Install an SR20DET. Here's a web site with a lot of info:

http://www.sr20forum.com/technical-information-library/87887-howto-1-6-ga16de-2-0-sr20de-t-swap.html


----------



## smj999smj (Jan 1, 2006)

There's a little more than just "bolting it in" though...


----------



## kptstyle (May 19, 2013)

Yea that's what I was thinking how about getting more hp out of my 1.6 a chip? Shave ported head?


----------



## smj999smj (Jan 1, 2006)

Chips don't work usually. There are turbocharger kits available for the GA16DE in the $1500 range. A company like Jim Wolf Technology might be able to rework the ECM to your benefit. But if you are looking for 140HP or more, the SR20 is the way to go. I believe the SR20DE is 140HP in stock form and has the potential for a whole lot more.


----------



## kptstyle (May 19, 2013)

Well it can't be turbo and has to look stock at first glance is the sr 20 140hp non turbo?


----------



## i r teh noobz (Apr 26, 2007)

Stock, non turbo is 140hp or so.

Intake, exhaust, and some timing advance should help your GA a bit. Porting the head and intake wouldn't hurt either.


----------



## smj999smj (Jan 1, 2006)

The SR20DE (which is non-turbo) produced 140-169 HP, depending on the year, model and country.
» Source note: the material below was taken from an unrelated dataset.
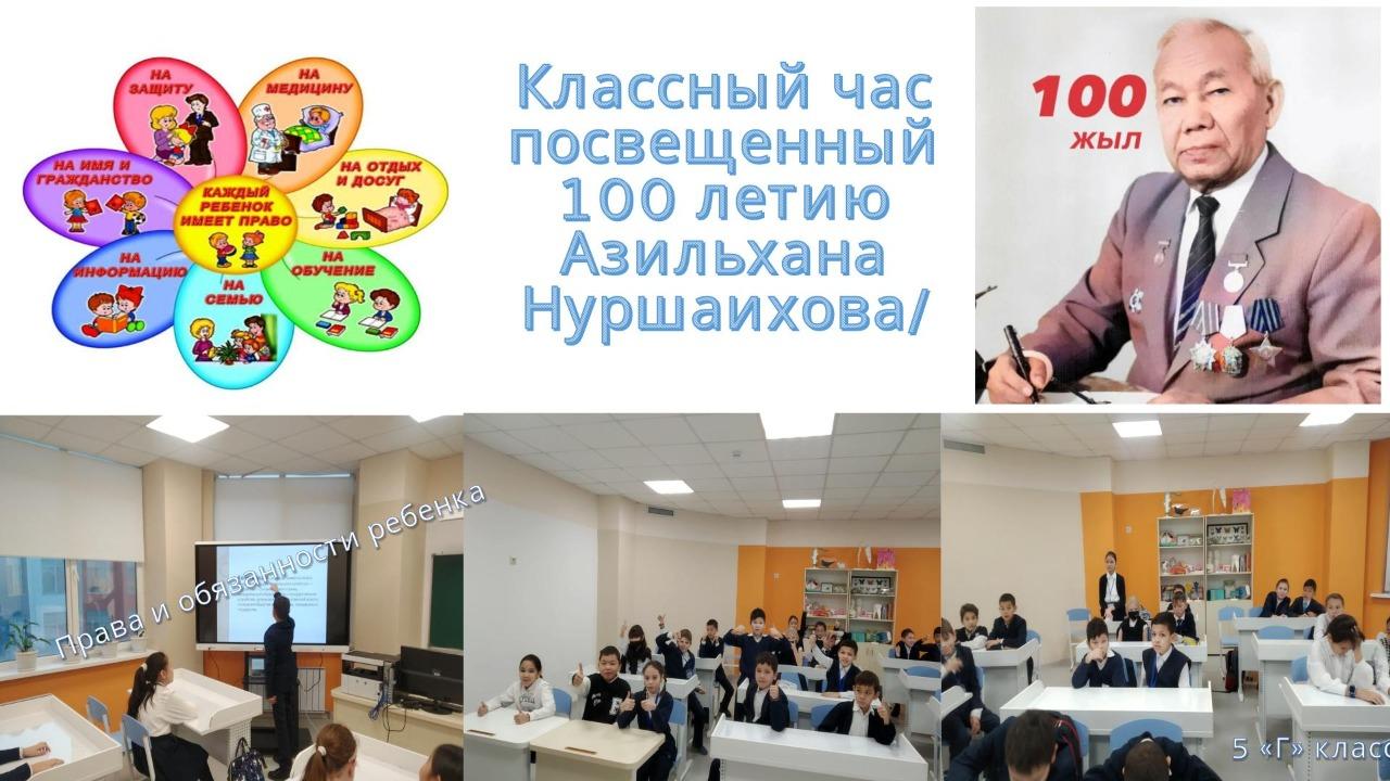 Әзілхан Нұршайықовтың туғанына 100 - жыл тәрбие сағаты

Nissan SR engine - Wikipedia, the free encyclopedia


----------



## kptstyle (May 19, 2013)

I've been looking around at prices and such what car did these come factory in it would be easier to buy a wrecked one in the junkyard


----------



## smj999smj (Jan 1, 2006)

If you went to the Wikipedia link, it told you what they came in:

It was used in the following vehicles:
Model Years Produced
180SX 1991–1992, 1994–1997
*200SX SE-R 1995–1998*
Almera 1996–1999
Avenir 1990, 1992–1995, 1997–2001
Bluebird 1989, 1991–1993, 1995–1998
Liberty 1998–2000
*Infiniti G20 1991–2002
NX2000 1991–1996*
Prairie Joy 1995–1997
Presea 1990–1993, 1995, 1997–1998
Primera 1990–2002
Pulsar 1991–2000
R'nessa 1997–1998, 2000
Rasheen 1998*
Sentra 1991–1994, 1998–2001*
Serena 1991–1995, 1997–2000
Silvia 1991–1993 1995-1996, 1998–2002
Wingroad 1996–1999

Probably the best place to get one is from a JDM (Japan Domestic Market) seller. Most cases, they sell low mileage engines from Japan and often the ECM and harness is available...and sometimes the transmission. Keep in mind that the SR used a different transmission and axles than the GA equipped Sentras. The transmissions in the SR-equipped vehicles were "viscous" transmissions, which is basically a limited slip diff.


----------



## kptstyle (May 19, 2013)

Alright so I put a tach in to see how many rpms I'm turning I'm only turning 5gs in 3 d and 2nd hits rev limiter I've got 13 in wheels and a 60 series tire we have to run is there any way to change the gearing?


----------



## BeyondBiscuits2 (Jan 18, 2006)

I think 140hp is achievable on your stock GA16DE engine. More than likely for less than it would cost to do a complete SR20DE swap as well. Remember, you'll need not only the engine, but the transmission, halfshafts, hubs, wiring harness, ECU, shift linkage, etc. NOT CHEAP! Unless you have a complete donor car. The GA16DE has a lot of wiggle room when it comes to basic bolt-on performance parts. Here's where I would start:

1. Custom intake piping
--> get rid of the cheap, plastic hosing for your intake piping. Replace with a proper cold-air intake system, or short-ram for better response and a little increase in horsepower. I estimate ~2hp at most. There are some on eBay right now for $19.99.

2. Headers and exhaust
--> replace the stock exhaust manifold and exhaust system with a better system. I know OBX, Pace Setter, and HotShot all make headers for the GA16DE, and they were relatively cheap. I'd go custom 2" exhaust with appropriate bends for backpressure, and eliminate the catalytic converter and muffler (if you haven't done so already being a track car). On a good day ~5-10hp. eBay has some for $79.99.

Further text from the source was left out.